DATA SEGMENT:
******
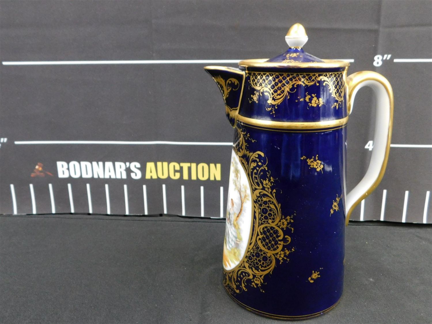 19th Century Hand Painted and Transferware Dresden Coffee Pot. Cobalt Blue and Heavy Gold Gilt depicting a young lady seated with a man standing. Measures 9.5" tall x 6" wide. All invoices must be paid within 24 hours of the sale. This auction is Local Pick Up, Shipping with Liveauctioneers Live Ship, In-House Shipping on small items only, or with the Local UPS Store in Monmouth Junction, NJ. Local pickups are at our Monmouth Junction location on Friday, Saturday and Monday ONLY! All pickups are by appointment only. Any condition issues will be listed in the description. Please read the terms for full information.
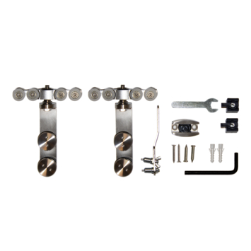 Combinez ces roulettes et ce guide de rail Eco pour porte coulissante en verre Vetro avec le rail assorti et apportez une touche moderne à votre porte en verre. Ce système pour porte coulissante se compose de 2 roulettes et d'un guide en aluminium. Le rail assorti est disponible séparément.
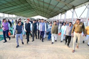 निरीक्षण के दौरान उन्होंने मंच व्यवस्था, डोम, साउंड, सुरक्षा, यातायात, पेयजल, विद्युत, साफ-सफाई एवं आवागमन, पार्किंग से जुड़ी व्यवस्थाओं का अवलोकन कर संबंधित अधिकारियों को आवश्यक दिशा-निर्देश दिए। उन्होंने निर्देश दिए कि कार्यक्रम स्थल पर मूलभूत सुविधाओं के साथ-साथ दिव्यांगजन, बुजुर्गों एवं महिलाओं के लिए विशेष व्यवस्थाएं की जाएं।
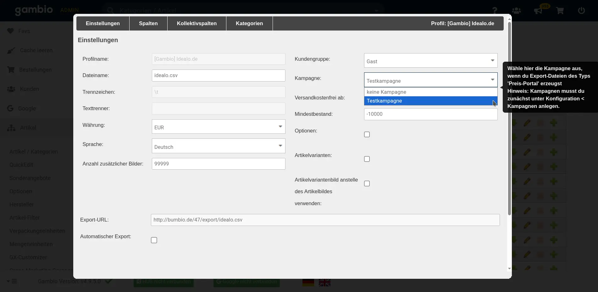 Die Einrichtung erfolgt im Adminbereich unter Einstellungen > Suchmaschinenoptimierung > Kampagnen – dort können Kampagnenname und RefID frei gewählt werden (die RefID darf nur aus Zahlen bestehen). Beim anschließenden Artikel-Export unter Artikel > Import/Export lässt sich die passende Kampagne zuweisen. In der Exportdatei werden die Produktlinks automatisch um die jeweilige RefID ergänzt – und sobald Kunden über diese Portale in den Shop gelangen, kann der Shopbetreiber genau sehen, welcher Kanal welchen Erfolg gebracht hat.
******
WHAT IS EXPECTED: Please reproduce the data above word for word, skipping all images.

SOLUTION TO THIS TASK:
 19th Century Hand Painted and Transferware Dresden Coffee Pot. Cobalt Blue and Heavy Gold Gilt depicting a young lady seated with a man standing. Measures 9.5" tall x 6" wide. All invoices must be paid within 24 hours of the sale. This auction is Local Pick Up, Shipping with Liveauctioneers Live Ship, In-House Shipping on small items only, or with the Local UPS Store in Monmouth Junction, NJ. Local pickups are at our Monmouth Junction location on Friday, Saturday and Monday ONLY! All pickups are by appointment only. Any condition issues will be listed in the description. Please read the terms for full information.
 Combinez ces roulettes et ce guide de rail Eco pour porte coulissante en verre Vetro avec le rail assorti et apportez une touche moderne à votre porte en verre. Ce système pour porte coulissante se compose de 2 roulettes et d'un guide en aluminium. Le rail assorti est disponible séparément.
 निरीक्षण के दौरान उन्होंने मंच व्यवस्था, डोम, साउंड, सुरक्षा, यातायात, पेयजल, विद्युत, साफ-सफाई एवं आवागमन, पार्किंग से जुड़ी व्यवस्थाओं का अवलोकन कर संबंधित अधिकारियों को आवश्यक दिशा-निर्देश दिए। उन्होंने निर्देश दिए कि कार्यक्रम स्थल पर मूलभूत सुविधाओं के साथ-साथ दिव्यांगजन, बुजुर्गों एवं महिलाओं के लिए विशेष व्यवस्थाएं की जाएं।
 Die Einrichtung erfolgt im Adminbereich unter Einstellungen > Suchmaschinenoptimierung > Kampagnen – dort können Kampagnenname und RefID frei gewählt werden (die RefID darf nur aus Zahlen bestehen). Beim anschließenden Artikel-Export unter Artikel > Import/Export lässt sich die passende Kampagne zuweisen. In der Exportdatei werden die Produktlinks automatisch um die jeweilige RefID ergänzt – und sobald Kunden über diese Portale in den Shop gelangen, kann der Shopbetreiber genau sehen, welcher Kanal welchen Erfolg gebracht hat.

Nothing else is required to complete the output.